Bank of America Chairman and CEO Brian Moynihan is the latest Wall Street figure to warn about the Fed's independence, emphasizing that maintaining the Fed's independence is crucial for the markets.
Moynihan stated on a Sunday program in the United States that if the United States does not have an independent Federal Reserve, the market will punish everyone, and everyone knows this.
The selection process for the successor to the Federal Reserve chairman is currently underway. Current chairman Jerome Powell will leave office in May next year, and US President Trump is conducting extensive interviews for the new chairman, which has sparked widespread concern in the market.
US President Donald Trump said last week that he hopes the next Federal Reserve chairman will maintain low interest rates and will never disagree with him. Since taking office in January, Trump has been pressuring the Fed to lower interest rates to stimulate overall US economic growth.
The high-profile Federal Reserve
The new chairman will likely be chosen from two candidates: former Federal Reserve Governor Kevin Warsh and National Economic Council Director Kevin Hassett. Warsh has been a critic of the Fed and is seen as a leading figure who will lower interest rates in the near term; Hassett is a staunch supporter of Trump’s economic agenda, which means he is also inclined to push for the Fed’s easing policy.
For Moynihan, Trump's appointment of a new Federal Reserve chairman is nothing new; US presidents typically appoint people they trust to the position. However, in his view, the problem lies in the fact that the Federal Reserve is already under too much public scrutiny.
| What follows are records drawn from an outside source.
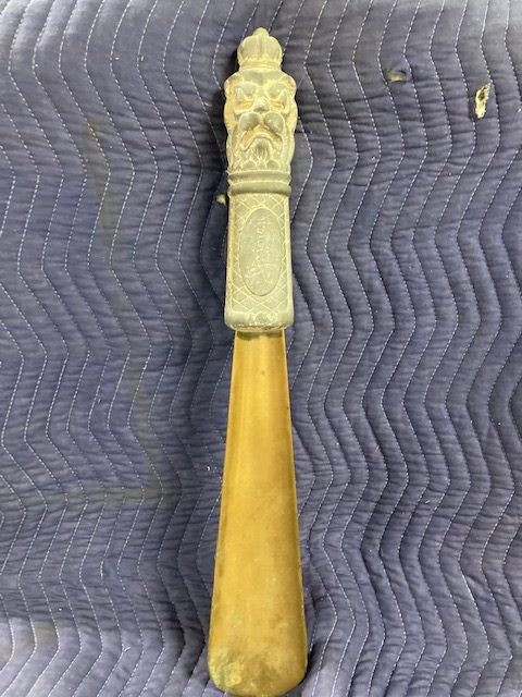Rare antique Jarman Shoe Store Shoe Horn  advertising door pull in as found condition. Heavy brass adorned with the Jarman insignia. You may never see another on of these…………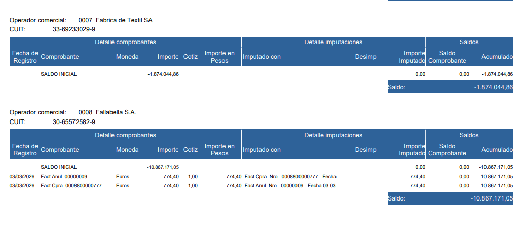 - Detallado con imputación: incluye comprobantes saldados y pendientes con sus imputaciones.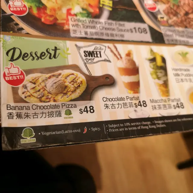 香蕉朱古力披薩$48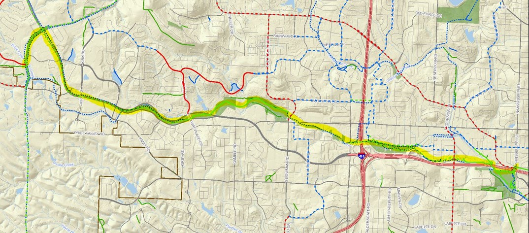 Figure 6. Rock Creek could provide a corridor to extend this trail network west. Trail segments from Kanis Park to Henderson Middle School, from Bowman Rd. to Parkway Place Dr., and from Rahling Rd. to Denny Rd. already exist.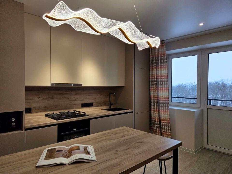 Квартира 50/13/21,5/10/5,5 укомплектована всіма необхідними меблями та технікою: посудомийна машина, мікрохвильова піч, газова плита, електрична духовка, холодильник, пральна машина.

Moynihan stated that people are too obsessed with the Federal Reserve. The United States is a private sector-driven country, with entrepreneurs, doctors, lawyers, and people from all walks of life driving economic development. If people believe that the US economy can be maintained simply by the Federal Reserve raising or lowering interest rates, then the US economy is clearly off track.
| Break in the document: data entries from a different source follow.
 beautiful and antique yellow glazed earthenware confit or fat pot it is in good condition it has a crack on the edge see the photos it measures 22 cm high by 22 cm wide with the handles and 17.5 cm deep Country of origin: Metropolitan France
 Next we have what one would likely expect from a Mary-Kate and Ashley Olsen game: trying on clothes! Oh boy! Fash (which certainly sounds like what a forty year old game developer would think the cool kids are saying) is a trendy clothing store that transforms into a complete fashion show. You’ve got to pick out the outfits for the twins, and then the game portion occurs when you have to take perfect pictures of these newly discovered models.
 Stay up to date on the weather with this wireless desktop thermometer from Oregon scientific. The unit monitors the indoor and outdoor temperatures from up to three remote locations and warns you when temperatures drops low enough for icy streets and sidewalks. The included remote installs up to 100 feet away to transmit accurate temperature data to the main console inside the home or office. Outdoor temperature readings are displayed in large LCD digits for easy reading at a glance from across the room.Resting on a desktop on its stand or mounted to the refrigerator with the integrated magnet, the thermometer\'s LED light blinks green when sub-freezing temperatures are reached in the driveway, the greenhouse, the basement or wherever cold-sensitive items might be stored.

He emphasized that the Federal Reserve has played an important role in stabilizing the economy, but this is what they should do because the institution is the lender of last resort for the United States, and the general public should not actually know about the existence of the Federal Reserve.
Besides questions related to the Federal Reserve, Moynihan also discussed the pros and cons of lowering interest rates. He does not want US mortgage rates to return to the low level of 3%, as this is detrimental to US economic growth and may only be offsetting the effects of a recession. However, many on Wall Street believe that the federal funds rate will fall to a low of 3%, while long-term interest rates will remain between 4% and 4.5%.
From this perspective, Moynihan does not agree with the Trump administration's argument that lowering interest rates can stimulate US economic growth.